Tu écrivais des poèmes pour ta grande sœur

Tu avais dix ans et des tresses très sombres

Des yeux de velours défiant les ombres

Tu aimais l’école, le français les mathématiques

Et pour rien au monde tu n’aurais négligé tes devoirs

Tu voulais connaître les secrets du savoir

Dévorant tes livres de manière méthodique

Mais à la maison il y avait peu de place

Pour une petite fille curieuse et gentille

Il fallait frotter nettoyer ne laisser aucune trace

Pour soulager maman des corvées quotidiennes

Et toi ces corvées, tu les faisais tiennes.

Ta sœur plus âgée arrivait à les esquiver

Mais pour toi chaque jour la charge familiale

T’empêchait de pratiquer le basket, la poésie ou les claquettes.
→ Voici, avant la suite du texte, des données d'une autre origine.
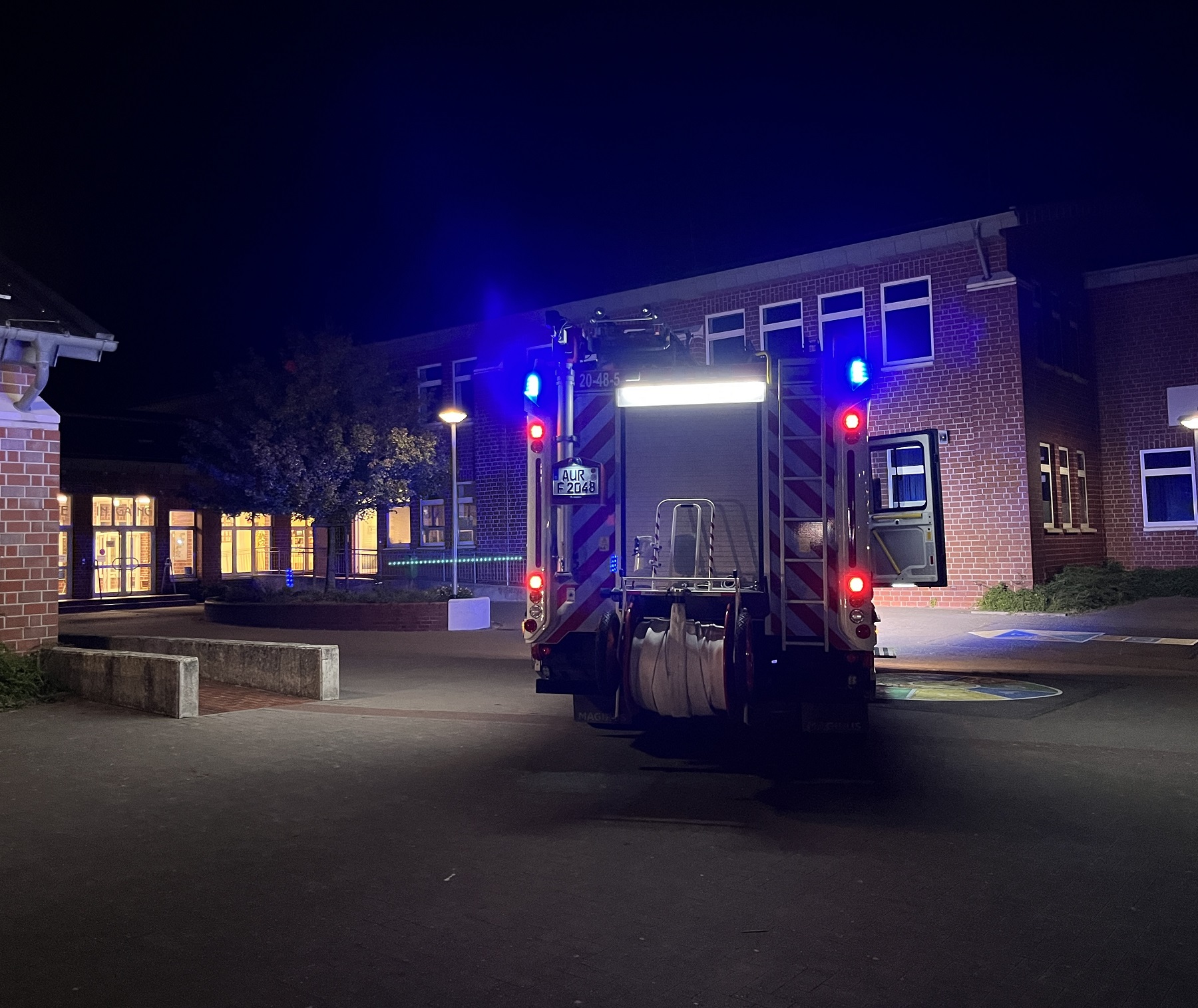 Die Ortsfeuerwehr Krummhörn-Mitte ist am Samstagabend um 21:18 Uhr in den Bunten Weg alarmiert worden, weil die Brandmeldeanlage des dortigen Schulzentrums ein Feuer meldete.

Tu venais de Kabylie où rien n’est interdit

Mais où la tradition a depuis longtemps établi

Que le meilleur diplôme qu’une fille puisse avoir

C’est celui de femme au foyer pour y exceller

Je sais que tu es sortie du jeune âge

Je connais ta volonté il est bien probable

Que tu aies inversé les choses

Rendant à ta famille ses devoirs

Et à tes études la passion du savoir.

 

 

© Lydia Kowicz Loriot.

 

 

PRÉCISONS APPORTÉES PAR LE PAN POÉTIQUE DES MUSES sur ce poème : ce bel hommage à Nadine (petite fille kabyle) est un « poème vécu » ou un « poème témoignage ». Il appartient à une pratique poétique souvent féminine et également féministe en relatant en témoignage une expérience poétique. Il fait partie de la poésie vécue puisque la poète a aidé aux devoirs Nadine qui d'après Lydia Kowicz Loriot était passionnée par ses cours mais dont la famille voulait avant tout qu'elle gère ses devoirs domestiques, elle avait peu de temps mais beaucoup de volonté... ».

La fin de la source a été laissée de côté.